Just this week, I came across an insightful tweet by Adi Polak, a big data developer at Microsoft, who said, “If you can understand how to produce, collect, manage and analyze data, you’ll own your future.” She could not be more right. However, it turns out that being data-driven is more complicated than what appears on slideware.

Over the last few weeks, I have had a chance to speak with some ex-colleagues about the state of data, the emerging notion of data mesh, and how different vendors talk about data. For those not familiar with data mesh, see Zhamak Dehghani’s original articles How to Move Beyond a Monolithic Data Lake to a Distributed Data Mesh and Data Mesh Principles and Logical Architecture in 2019 and 2020, respectively. You can also find several videos on YouTube on this subject. As an outsider to this space, I have the luxury of a fresh perspective. Here is what I found out from my explorations.

The state of data is messy for several reasons, but these four seem to stand out.

Fragmented ownership and accountability across organizational boundaries
Centralization of specific functions like database management and data engineering but without a complete skin in the game
Skill imbalance — software development teams rarely treat data as part of their service, and data engineers rarely get exposed to the software development lifecycle; they often speak and approach problems differently
Glue tech that you need to shovel and transform data around to power analytics use cases, including machine learning

Often, the teams that produce data are decoupled from the downstream analytics and ML use cases. Likewise, the people dealing with analytics use cases are typically unaware of operational systems that produce the data. Data engineering teams get caught up in the middle with a mandate to make an enterprise data-driven. This chasm is not a surprise to the data practitioners who live through this mess.

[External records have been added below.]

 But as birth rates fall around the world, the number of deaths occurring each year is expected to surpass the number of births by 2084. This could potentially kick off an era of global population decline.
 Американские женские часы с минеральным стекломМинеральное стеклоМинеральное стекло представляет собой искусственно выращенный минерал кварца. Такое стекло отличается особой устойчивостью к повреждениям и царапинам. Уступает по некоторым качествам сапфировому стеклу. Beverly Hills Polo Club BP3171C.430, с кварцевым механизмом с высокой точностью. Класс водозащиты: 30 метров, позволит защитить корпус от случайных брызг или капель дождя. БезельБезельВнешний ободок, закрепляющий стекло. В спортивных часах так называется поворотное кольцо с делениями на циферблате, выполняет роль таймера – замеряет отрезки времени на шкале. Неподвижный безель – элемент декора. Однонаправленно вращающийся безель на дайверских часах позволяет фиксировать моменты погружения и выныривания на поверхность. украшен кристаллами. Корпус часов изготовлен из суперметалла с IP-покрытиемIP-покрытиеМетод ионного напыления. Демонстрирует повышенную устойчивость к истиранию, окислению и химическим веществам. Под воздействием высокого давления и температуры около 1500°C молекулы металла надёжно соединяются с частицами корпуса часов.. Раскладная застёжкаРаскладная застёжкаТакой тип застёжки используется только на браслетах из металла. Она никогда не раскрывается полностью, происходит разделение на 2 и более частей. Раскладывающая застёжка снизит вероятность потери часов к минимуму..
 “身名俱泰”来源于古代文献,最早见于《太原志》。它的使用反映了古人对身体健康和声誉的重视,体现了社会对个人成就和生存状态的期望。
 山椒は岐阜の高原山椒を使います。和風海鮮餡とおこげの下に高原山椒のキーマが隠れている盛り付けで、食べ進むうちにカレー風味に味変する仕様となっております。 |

On the one hand, such central data teams often lack the ownership and skills to implement this mandate. The same is valid on the operational side as well. When reviewing this article, Mammad Zadeh, who ran data engineering teams at LinkedIn and Intuit, rightly points out the lack of “right tools to empower developers to take on that responsibility.” When neither side is well-equipped, the enterprise is the loser.

In a recent example, I saw an ML team wait for the data engineering team to fix things in areas they don’t own. A subset of data stopped flowing into a particular destination due to some defect in the source app, but the data engineering team ended up holding that bug in their queue for weeks. They had no idea where to look since they didn’t own those source apps. There is no wonder why data scientists often cite data-related issues like data collection, clean-up, and quality of data at the top of their list of pain points. Machine learning, after all, is a feedback loop problem. You need all parts of the feedback loop working well together for it to learn quickly and produce value. But for that to work well, you must find ways for the operational and analytical worlds to work well seamlessly.

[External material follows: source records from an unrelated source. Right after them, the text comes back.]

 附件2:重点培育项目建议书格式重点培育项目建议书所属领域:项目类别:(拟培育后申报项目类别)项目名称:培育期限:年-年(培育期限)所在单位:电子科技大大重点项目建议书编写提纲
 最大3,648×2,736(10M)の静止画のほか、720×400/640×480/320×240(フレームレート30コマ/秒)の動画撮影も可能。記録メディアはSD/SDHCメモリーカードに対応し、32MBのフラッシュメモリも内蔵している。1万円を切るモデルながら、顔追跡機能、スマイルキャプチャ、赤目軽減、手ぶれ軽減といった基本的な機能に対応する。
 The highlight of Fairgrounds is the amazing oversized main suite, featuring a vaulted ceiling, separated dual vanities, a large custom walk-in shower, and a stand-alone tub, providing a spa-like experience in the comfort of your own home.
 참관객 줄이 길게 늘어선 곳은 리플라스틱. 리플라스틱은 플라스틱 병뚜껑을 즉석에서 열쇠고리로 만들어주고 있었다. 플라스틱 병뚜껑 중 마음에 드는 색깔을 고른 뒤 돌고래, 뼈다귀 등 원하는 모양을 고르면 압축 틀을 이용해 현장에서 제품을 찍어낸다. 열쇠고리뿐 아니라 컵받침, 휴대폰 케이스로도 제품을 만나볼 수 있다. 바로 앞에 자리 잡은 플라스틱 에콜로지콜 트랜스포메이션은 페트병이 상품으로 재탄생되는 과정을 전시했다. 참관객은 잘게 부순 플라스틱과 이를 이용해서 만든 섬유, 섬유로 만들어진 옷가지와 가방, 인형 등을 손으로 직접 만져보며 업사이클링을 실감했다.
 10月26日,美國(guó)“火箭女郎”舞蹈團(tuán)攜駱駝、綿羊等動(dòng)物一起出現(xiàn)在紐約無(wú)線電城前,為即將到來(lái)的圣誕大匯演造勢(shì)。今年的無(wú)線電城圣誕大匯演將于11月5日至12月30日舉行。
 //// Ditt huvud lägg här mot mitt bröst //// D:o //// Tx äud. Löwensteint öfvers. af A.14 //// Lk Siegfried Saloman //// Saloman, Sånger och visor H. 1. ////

While it is exciting to see the innovation and choice in the database arena, the resulting flexibility has amplified particular challenges. First, it is hard for software development teams to make database choices for the data model and anticipated access patterns. Second, once a team makes a choice, they have to deal with the consequences of that choice in the face of data or access pattern changes or lessons learned. Changes consume time, create downtime, and could leave dirty data behind. Third, choice breeds sprawl, making it complicated to trace the source of truth, the lineage, and establish which data to consume.

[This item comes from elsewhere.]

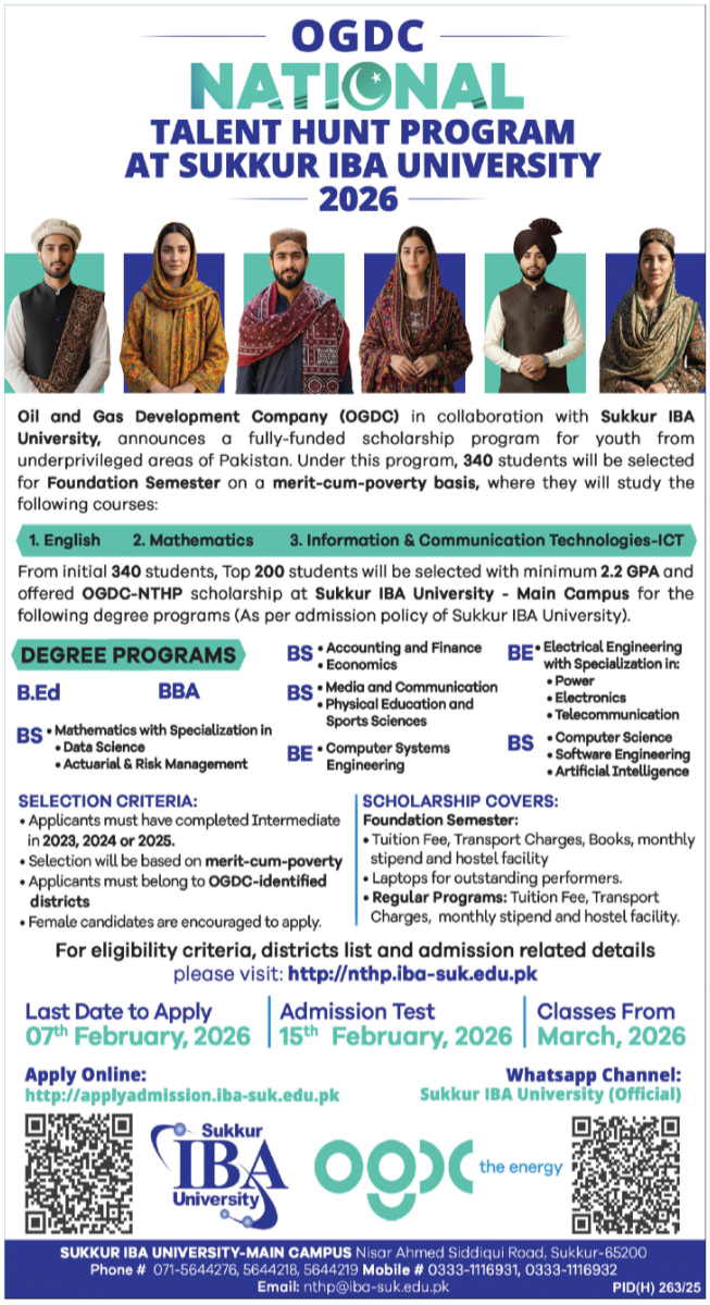 The Oil & Gas Development Company OGDC, in collaboration with Sukkur IBA University, has announced the OGDC NTHP Admissions 2026. This initiative is designed to empower students from disadvantaged regions by providing them with access to top-tier higher education through a merit-cum-need-based scholarship.

These challenges also contribute to increased cost and time for governance. Just knowing what data field exists in what data store could be a program over several weeks. It is not a happy place to be in a centralized data organization entrusted with solving problems like establishing the source of truth, lineage, model management, and governance.

The situation on the analytical side seems worse, with the work often dissolving to keep things going or “keep the lights on.” By this, I don’t mean that enterprises struggle to do analytics or machine learning. There are great products and technologies for these use cases for sure, but these involve stitching together multiple sources of data, performing data movement and transformations. However, in the current state of affairs, the success of the analytical world depends on first finding the suitable glue and then keeping that glue together end to end. When the glue breaks, things can go unnoticed for a while. When someone notices, many people may need to contribute to fixing it. The current state of affairs does not seem to offer a winning strategy.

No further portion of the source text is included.